Yevtushenko — who wasn’t Jewish but whose name in the 1960s became synonymous with anti-anti-Semitism — is best known for his poem “Babi Yar,” a ravine not far from Kyiv, which 30,000 Jewish people were machine-gunned into by Nazis and Ukrainian militia in 1942 and which became a grave for 100,000. Thirty years later, despite being surrounded by several Brooklyn-bred Jewish bodyguards at a New York reading, the poet was beaten to the ground by Ukrainian nationalists whose parents had been fascist sympathizers in the USSR.

Thankfully, there are still some Americans with long memories. Former federal prosecutor Andrew McCarthy is one.

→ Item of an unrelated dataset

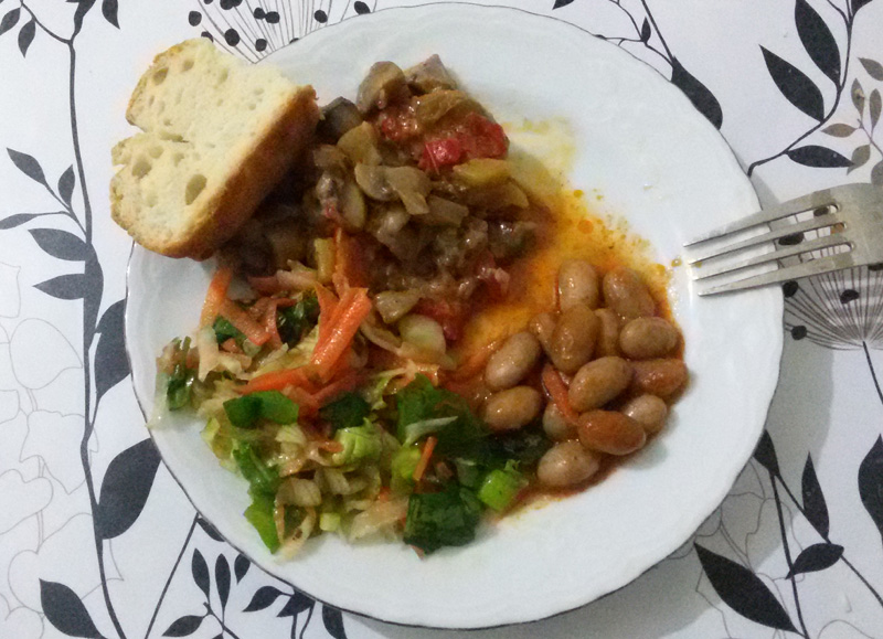 Шампиньоны жареные с кабачками, тушеная фасоль, салат из зелени. Хлеб домашний. На десерт - натуральный йогурт с апельсиновым вареньем.

At the height of this month’s impeachment hearings, he told commentator Laura Ingraham of Fox News, “The president has a different view of Ukraine … [W]e are hearing fantasy about the Ukraine that’s been built over the last number of years …. Ukraine is pervasively corrupt and there are really troublesome elements in the government that we are funding including neo-Nazi groups.”

In case anyone doubts that this Ukraine/Russia fixation is a Yugoslavia redux, recall that we backed, against Belgrade — with training, personnel and weapons — the WWII-unrepentant not-so-neo Nazis of Croatia, who proceeded to bloodily and pyromaniacally “cleanse” 300,000 Serbs while opening fire on U.N. peacekeepers who stood in the way. (Much like our somewhat Hitler-beguiled Albanian “allies” later did under our auspices in Kosovo.)

Deign to recall that our Balkans misadventures were heavily media- and Democrat-driven. Today we again find ourselves trapped in a debate puppeteered by Democrats, clawing our way not out but around: Republicans won’t dispute the Democrat-spawned narrative of Ukraine/Good, Russia/Bad, so there has been little argument that denying lethal weapons to Ukraine was a threat to U.S. security. Republicans are stuck protesting only that Mr. Trump delaying the (wrong) move doesn’t rise to the level of impeachment.

Republicans are playing into Democrats’ hands, trying to win the skirmishes but losing the war to not go to war. We have all been recruited into avenging Hillary Clinton’s 2016 presidential defeat, just like we were recruited to Bill Clinton’s philanthropic war to overshadow his philandering.

If the question is about U.S. security, as we engage in these great power rivalries and pit neighbor against neighbor, think of the fact that — just as anti-Semites cheer Jewish infighting and the KKK cheers black-on-black violence — the unsleeping enemy takes a break to say, “Good, the infidels are fighting.”

Julia Gorin was a Soviet Refusenik who came to the U.S. in 1976. She is editor of “Hillarisms: The Unmaking of the First Female President.”